(Beginning of Data shown)
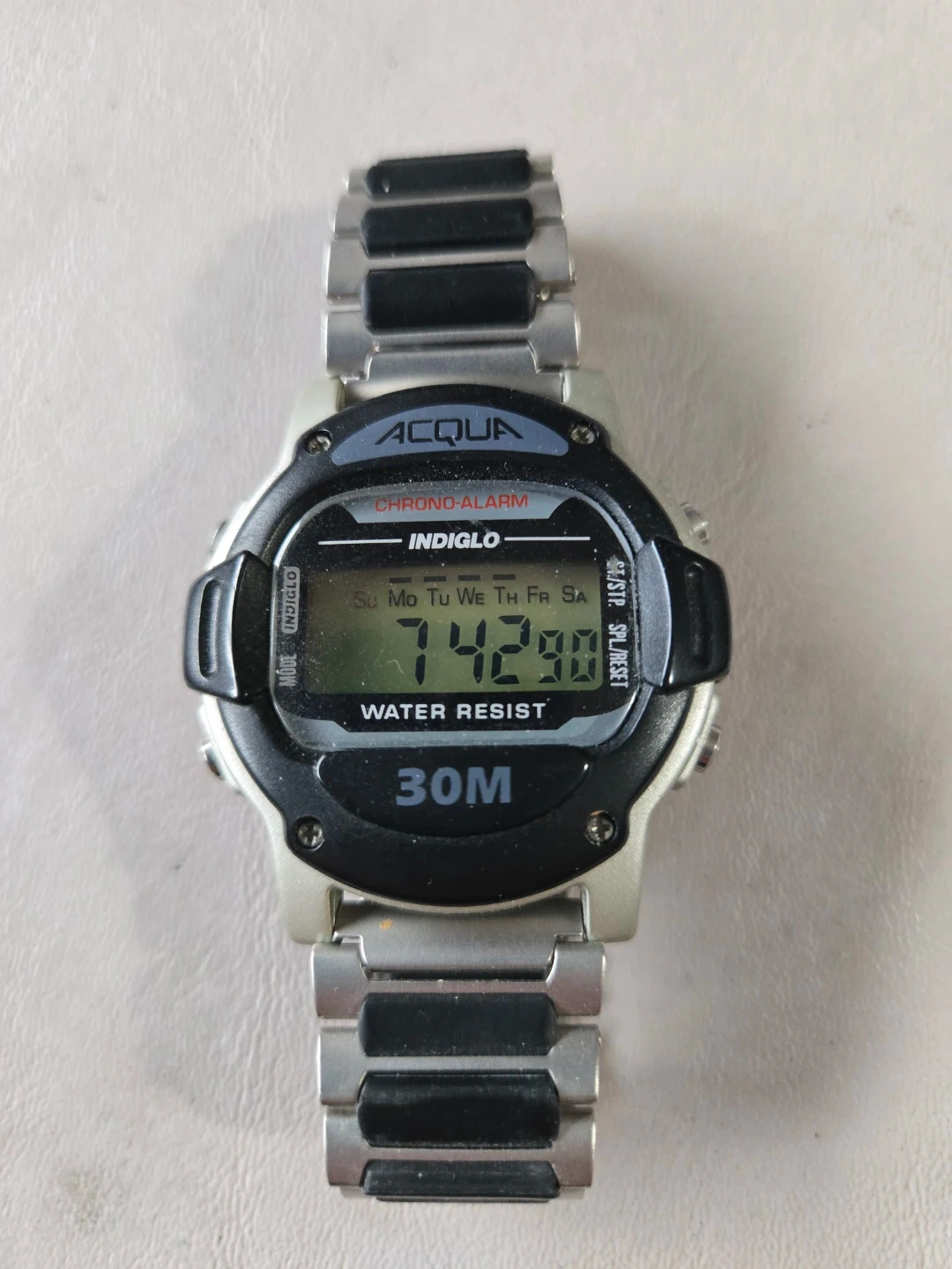 Selling an Acqua Chrono-Alarm Indiglo watch! It's water resistant to 30M. The digital display is clear and easy to read. Great for everyday wear!
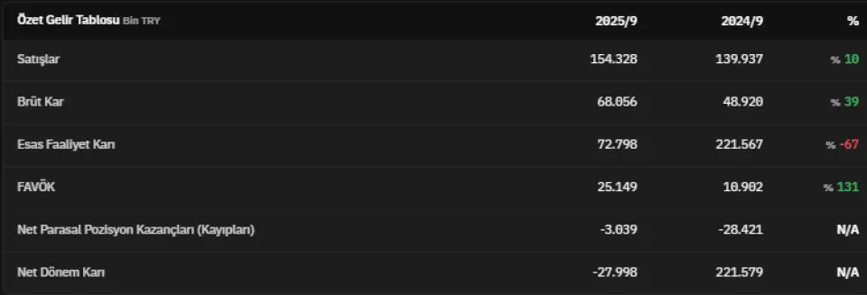 FAVÖK 2025 yılının üçüncü çeyreğinde 25.149.000 TL olarak açıklandı. 2024 yılının üçüncü çeyreğinde 10.902.000 TL olarak açıklanan FAVÖK, 2025 yılının üçüncü çeyreğinde %131 artmış oldu. Net parasal pozisyon kazançları 2025 yılının üçüncü çeyreğinde -3.039.000 TL olarak kaydedildi. Net dönem kârı ise -27.998.000 TL olarak kaydedildi. İlgili veri 2024 yılının üçüncü çeyreğinde 221.579.000 TL olarak açıklanmıştı.
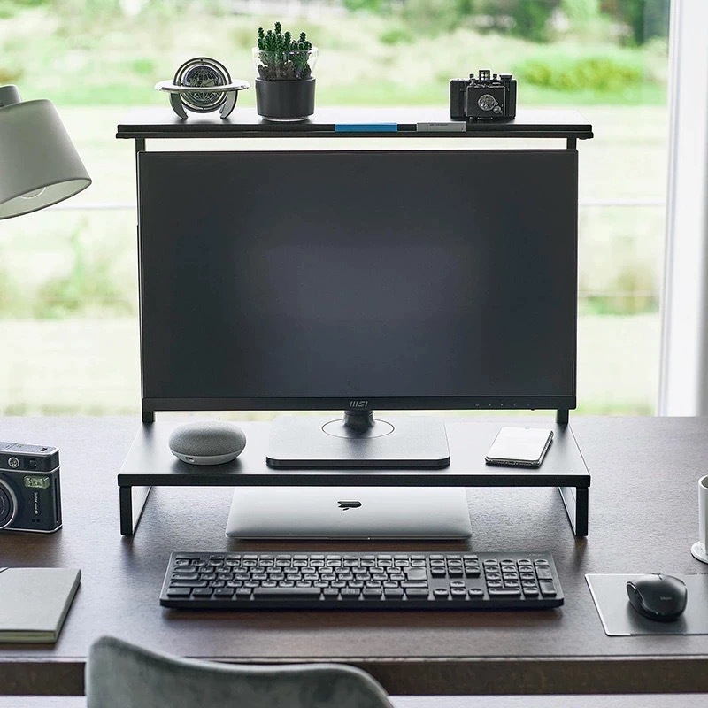 二段構造でモニター下の空間を有効活用でき、キーボードや小物を整理整頓できます。
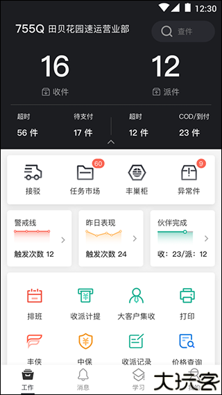 3、登录后进入首页,开始处理派送、取件等相关任务。
(End of Data shown)
Copy the listing above verbatim; the pictures it contains are to stay out.

» Reply to the exercise
 Selling an Acqua Chrono-Alarm Indiglo watch! It's water resistant to 30M. The digital display is clear and easy to read. Great for everyday wear!
 FAVÖK 2025 yılının üçüncü çeyreğinde 25.149.000 TL olarak açıklandı. 2024 yılının üçüncü çeyreğinde 10.902.000 TL olarak açıklanan FAVÖK, 2025 yılının üçüncü çeyreğinde %131 artmış oldu. Net parasal pozisyon kazançları 2025 yılının üçüncü çeyreğinde -3.039.000 TL olarak kaydedildi. Net dönem kârı ise -27.998.000 TL olarak kaydedildi. İlgili veri 2024 yılının üçüncü çeyreğinde 221.579.000 TL olarak açıklanmıştı.
 二段構造でモニター下の空間を有効活用でき、キーボードや小物を整理整頓できます。
 3、登录后进入首页,开始处理派送、取件等相关任务。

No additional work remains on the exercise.